No Pict escaped. All were slain, with edge and point of sharp-edged steel. A man of Glondrath died cursing like a madman with his last breath this side of Donn’s demesne; two others were sore wounded and a third bore a woundy cut that would be a long-time ahealing; scratches and minor cuts were widespread among the company. Cormac, having suffered only a couple of scratches, had no idea how many apelike savages he’d laid low; he was told he had downed four and wounded a fifth so that another’s ax slew him easily, but mac Art had been as if in a trance and could not swear to so much as one.
Seven and twenty Picts bled their last on the grounds of Labraid mac Buaic, and afterwards weeds grew all too well there. None of Labraid’s family was slain or sore wounded, though the older son had sustained a cut he loudly hoped would leave a scar there on his forearm, and Labraid’s wife Uaithne had wrenched her back-in swinging the curved scythe with which she saved her life from a short-hafted ax.
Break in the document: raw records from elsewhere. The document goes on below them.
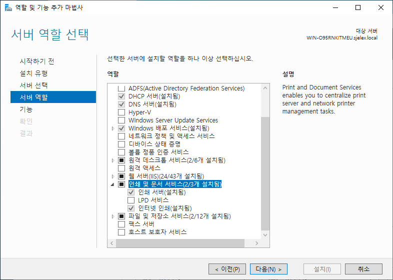 프린터를 배포할 서버에서 인쇄 및 문서 서비스를 추가합니다.
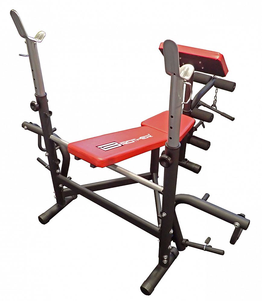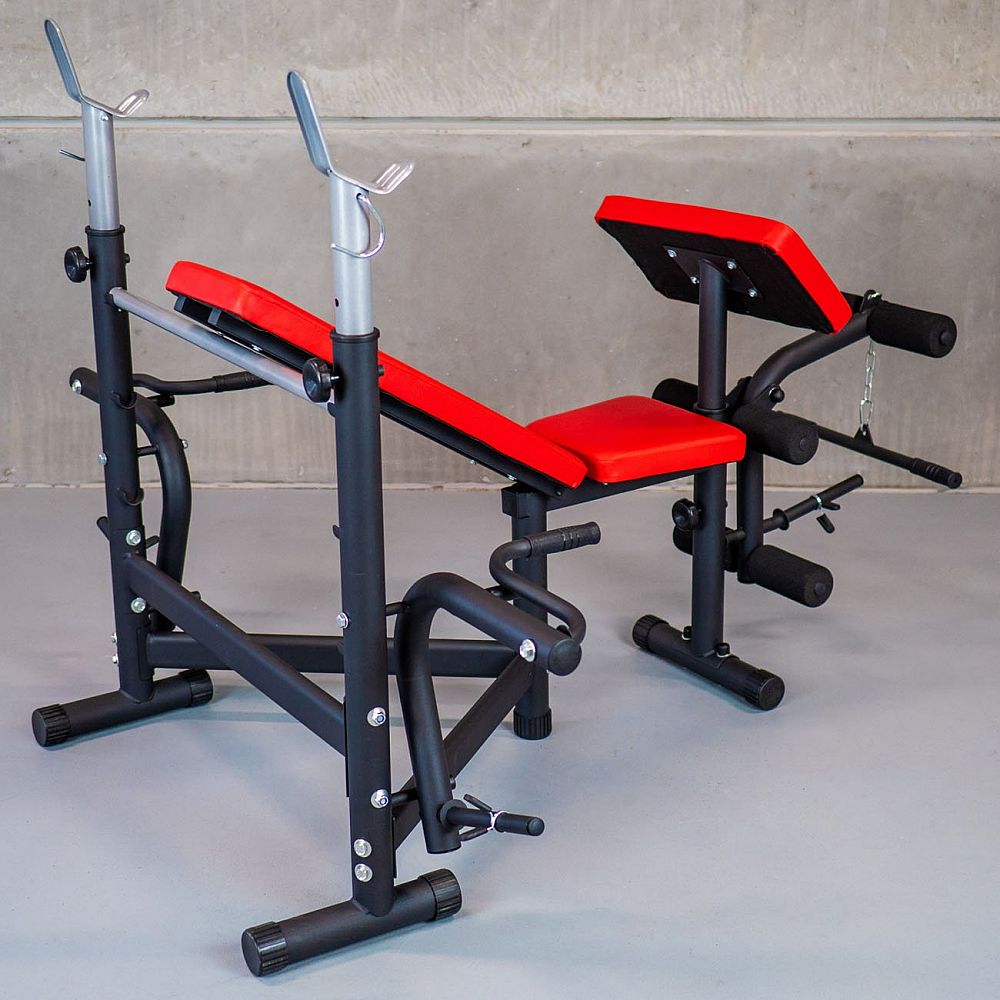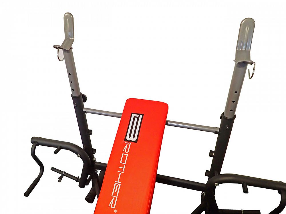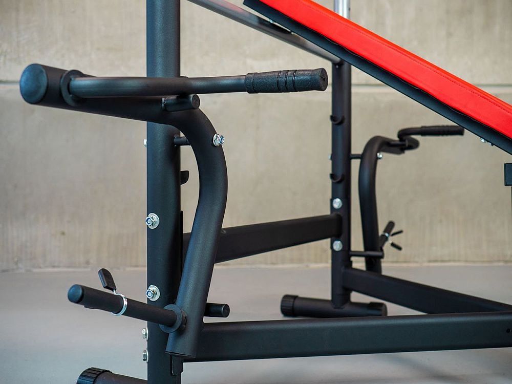 - Na stojanoch sú upevnené otočné kladky (tzv. motýlik), ktoré rozmanitosť možných cvikov na lavici ešte dopĺňajú.
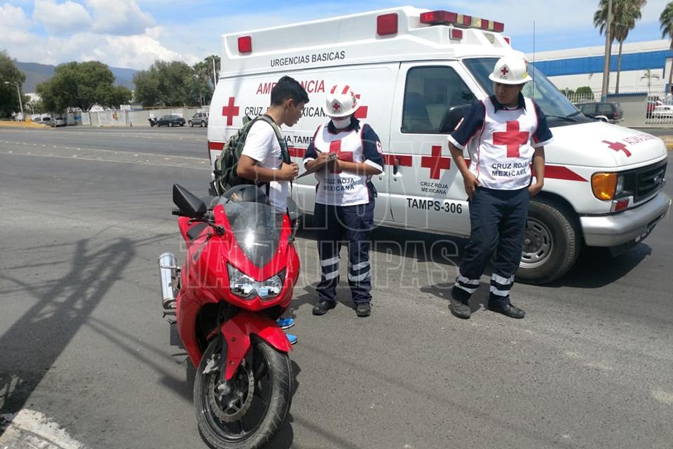 Motociclista se impacta contra coche y sale lesionado en Ciudad Victoria
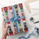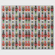 Este papel de embrulho de Natal festivo mostra três malucos pretos em sua postura de soldado em um fundo de cinza de prata. Suas cores vermelha, verde, dourada e preta são perfeitas para a temporada de festas para envolver presentes e presentes. Ele dá o tom para o decoro perfeito de férias.
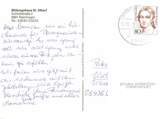 72838649 alte Postkarte Reimlingen Bildungshaus Sankt Albert postalisch gelaufen Erhaltung siehe scans [AndreD76] KatCode: 11110009779203
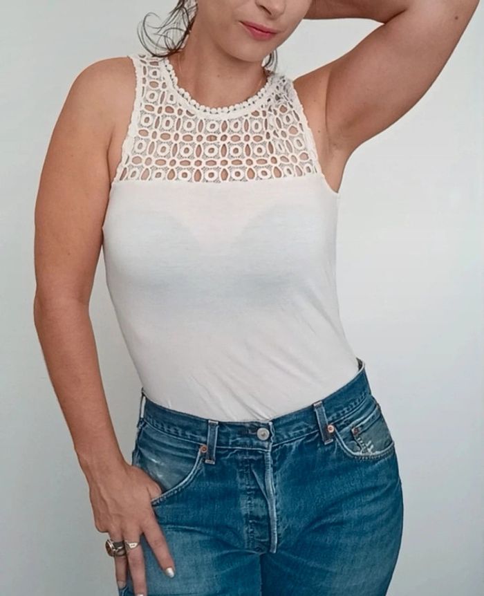 Top féminin blanc haut crochet taille 34 - photo numéro 5

With cloth from their scantling supply the farmfolk tended the wounds of their rescuers, the while they learned that the band of weapon-men was led by the son of Lord Art, and him dead these two days.
Food and ale offered Labraid, though in truth he was no man of wealth. While his men loudly accepted, the new temporary lord of Glondrath made mental note to send both a cask of (better) ale and a fresh-slain boar to this house.
Loud were the cries, and cups were lifted high as Celtic spirits. New and noisy praise was heaped upon the youthful battle-leader. He heard new comparisons of himself with both Cuchulain and that great Cormac afore him. But on this occasion there was no adolescent swelling of the head and chest of Cormac mac Art. On his mien was the stern-set face of a man; in his mind were only two slain men: Art mac Cumail and his friend Midhir.